Friday, July 31, 2009

Minding my own business...

Yesterday I got a phone call at lunch "Your rear drivers tire is flat" ... Crap. Can I come for lunch with you guys?

Well after work I totally forgot, drove down the hill, made it to the gas station and remembered... changed my mostly flat tire, got all hot, schweaty, and gross and got it up to the tire place to patch it. After hanging out with the nice neighbourly employees (they really were quite nice) I decided that I needed to go for a swim, despite the thunder and lightning warnings.

Fear not, this tale does not end with lightning, nor is there even any in it. Other than the previous warning about it ;o)

I do a lap through the mounting waves from the storm blowing up the valley around the swim area, and decide that I shouldn't dawdle as my core body temperature has been lowered to an acceptable level.

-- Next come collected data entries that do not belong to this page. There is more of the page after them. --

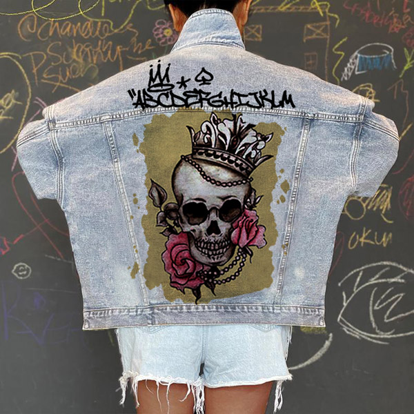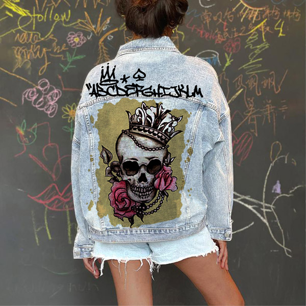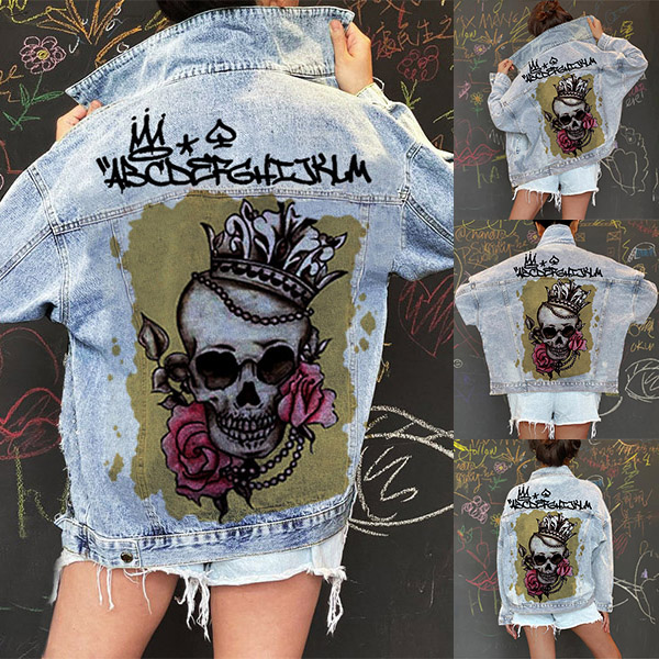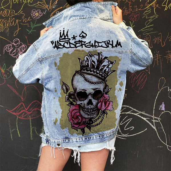 This jacket features an old-washed denim design, giving it a vintage and worn-in look. The skull print adds a rebellious and unique element, perfect for those who want to make a statement. Crafted from high-quality denim fabric, this jacket offers durability and a comfortable feel.
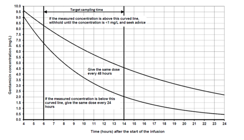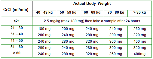 - If the creatinine is unknown give a single dose of 5mg/kg (maximum 400mg), then monitor as below.
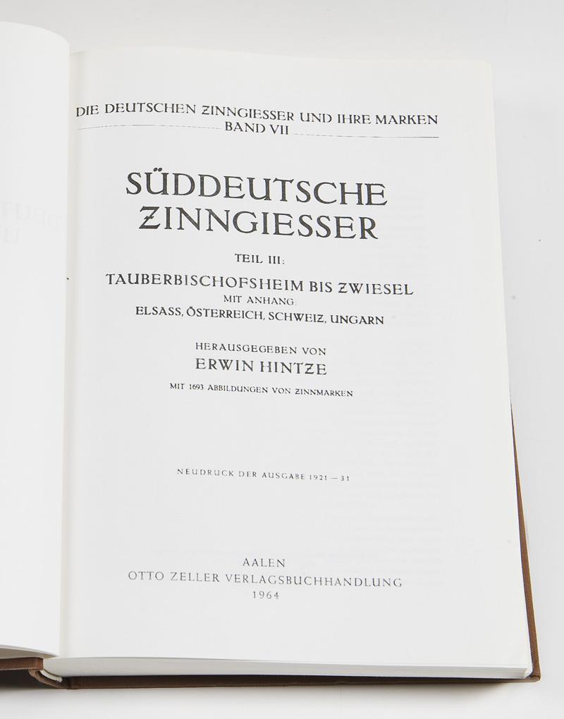 Band I: Sächsische Zinngiesser, 1531 Abbildungen, 345 Seiten. Band II: Nürnberger Zinngiesser, 341 Abbildungen, 175 Seiten. Band III: Norddeutsche Zinngiesser, 1652 Abbildungen, 544 Seiten. Band IV: Schlesische Zinngiesser, 1164 Abbildungen, 452 Seiten. Band V: Süddeutsche Zinngiesser, 803 Abbildungen, 339 Seiten. Band VI: Süddeutsche Zinngießer, 786 Abbildungen, 320 Seiten. Band VII: Süddeutsche Zinngiesser mit Anhang Elsass, Österreich, Schweiz, Ungarn, 1693 Abbildungen, 507 Seiten. Leinen mit Goldprägung. Rücken verblasst, insgesamt guter Zustand.
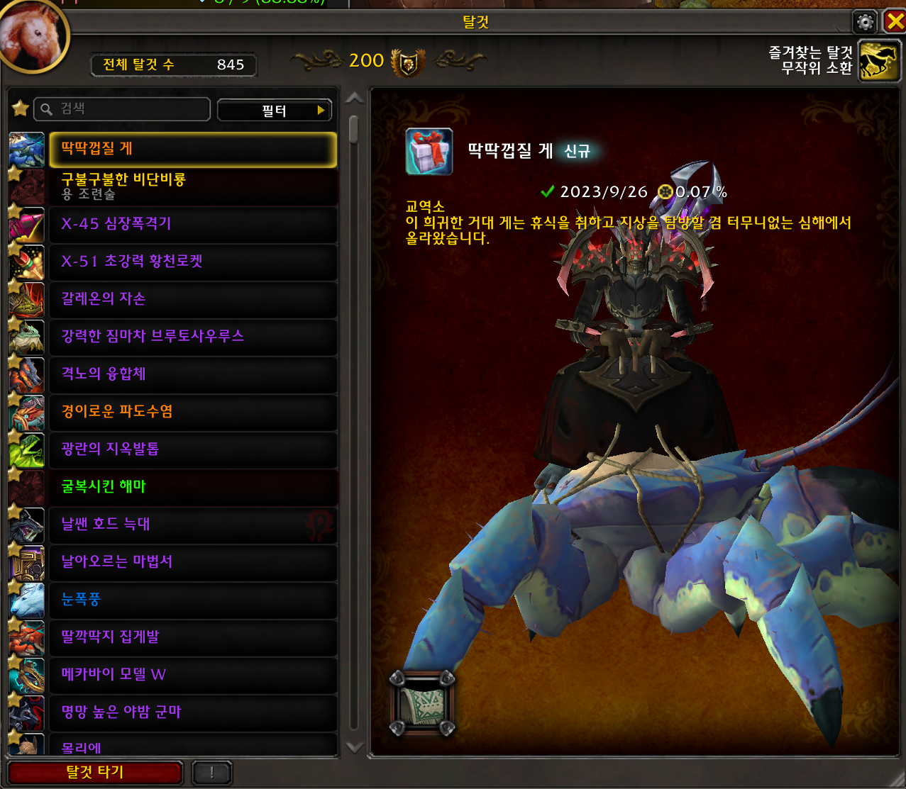 2023.09.26 딱딱껍질 게 획득 845번째 탈것
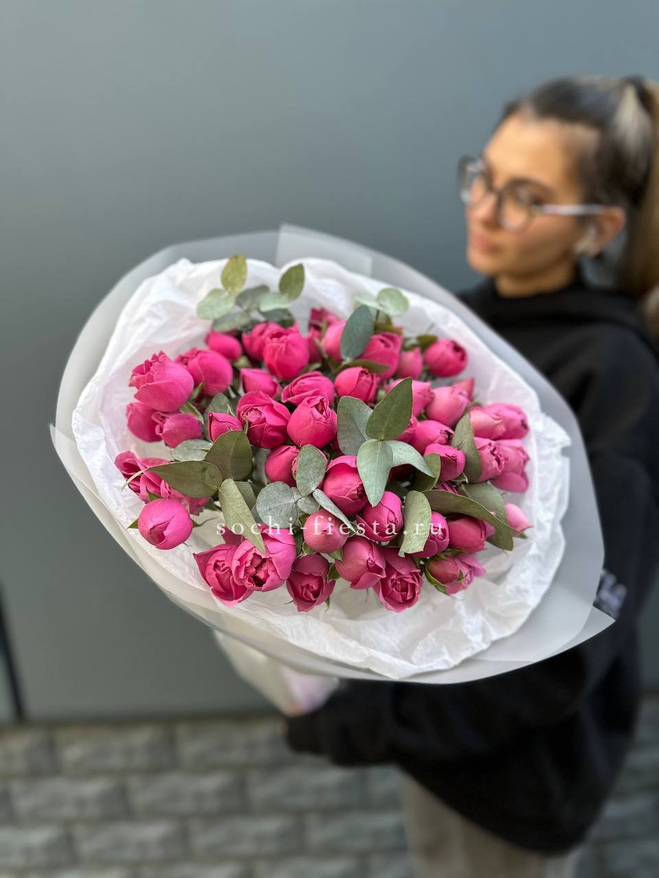 Пятьдесят пять бутонов собраны в плотную округлую форму, где каждый цветок читается отдельно. Красный здесь звучит насыщенно и глубоко, создавая мощное визуальное присутствие. Букет держит форму и занимает пространство уверенно.
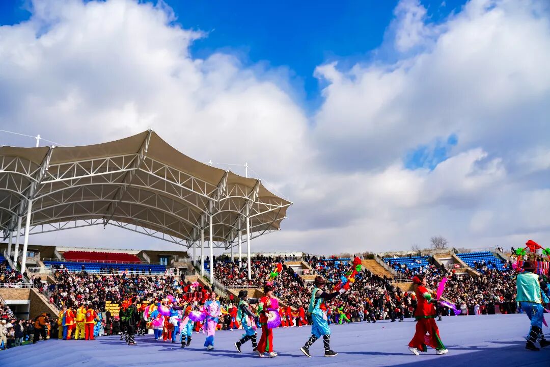 2月4日,正月初七,海阳河清岛体育场内人流如织。济南商河滨河秧歌艺术团、青岛胶州秧歌队、陕北安塞腰鼓表演队、广东潮阳文光桃园英歌队和5支海阳秧歌队交叉进行献艺斗舞,共襄“全国秧歌汇海阳”的文化盛会。活动单日接待游客3万人次,线上线下参与达70万人次。

So there I am in my car sitting at a yield in a goofy triangular shaped intersection minding my own business when a large black blob seeming lands on my windshield... I passed it off as a chunk of ash from the Terrace Mountain fire... until it flew IN MY WINDOW!!! It was a medium size, mostly black, BUMBLEBEE!!! that if he were walking instead of flying would be waddling. He couldn't quite hover in one place and kept flying towards me!

So there I am, in a bikini top, with my right foot jammed on the brake, blowing at a bumblebee. Phhooooshh, phhhoooosshh, PPHHHHOOOOOSSHHHH!!! Now despite my efforts at not panicking and not blowing him into myself... HE LANDED ON MY BOOB!!! Now did I mention that all I am currently wearing is a BIKINI TOP!!!

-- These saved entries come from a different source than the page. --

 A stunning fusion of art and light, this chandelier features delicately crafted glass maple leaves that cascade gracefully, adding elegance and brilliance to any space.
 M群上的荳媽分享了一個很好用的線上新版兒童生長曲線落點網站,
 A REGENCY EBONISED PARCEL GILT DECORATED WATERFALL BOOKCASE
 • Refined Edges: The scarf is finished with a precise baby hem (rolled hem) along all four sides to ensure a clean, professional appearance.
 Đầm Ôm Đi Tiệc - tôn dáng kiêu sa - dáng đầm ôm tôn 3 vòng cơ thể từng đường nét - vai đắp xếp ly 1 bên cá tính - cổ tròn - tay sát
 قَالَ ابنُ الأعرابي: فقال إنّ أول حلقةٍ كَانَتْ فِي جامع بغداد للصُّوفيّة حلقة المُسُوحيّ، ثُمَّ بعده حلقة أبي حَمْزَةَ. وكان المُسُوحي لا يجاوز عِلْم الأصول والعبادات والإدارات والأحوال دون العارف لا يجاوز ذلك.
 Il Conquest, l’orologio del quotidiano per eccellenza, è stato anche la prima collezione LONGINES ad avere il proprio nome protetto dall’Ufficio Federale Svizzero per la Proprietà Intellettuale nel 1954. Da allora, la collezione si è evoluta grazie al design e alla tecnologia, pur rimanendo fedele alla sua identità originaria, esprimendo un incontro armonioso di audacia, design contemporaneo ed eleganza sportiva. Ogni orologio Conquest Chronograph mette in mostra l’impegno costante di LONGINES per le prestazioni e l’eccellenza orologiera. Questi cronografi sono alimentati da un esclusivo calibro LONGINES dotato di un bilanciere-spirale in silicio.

(The extensive use of exclamation marks and caps is just how much the situation was stressing me out)

So there I am with a BEE ON MY BOOB, wearing nothing but a bikini top. And all I can think to whisper is "doooodde not my booooob" and to my horror I watched as he climbed down under my boob where I COULDN'T SEE HIM ANYMORE!!! The suspense is killing me, and I pray that nobody is behind me waiting for me to use the intersection because I *know* that if I get stung in the boob, I'm immediately going to stall my car, jump out and run around in circles like a dog chasing it's tail screaming like a little girl... and then I'm going to stop and swear like a trucker with tourettes.

Yes I am that person your mother warned you about. No you shouldn't take me home to meet your parents.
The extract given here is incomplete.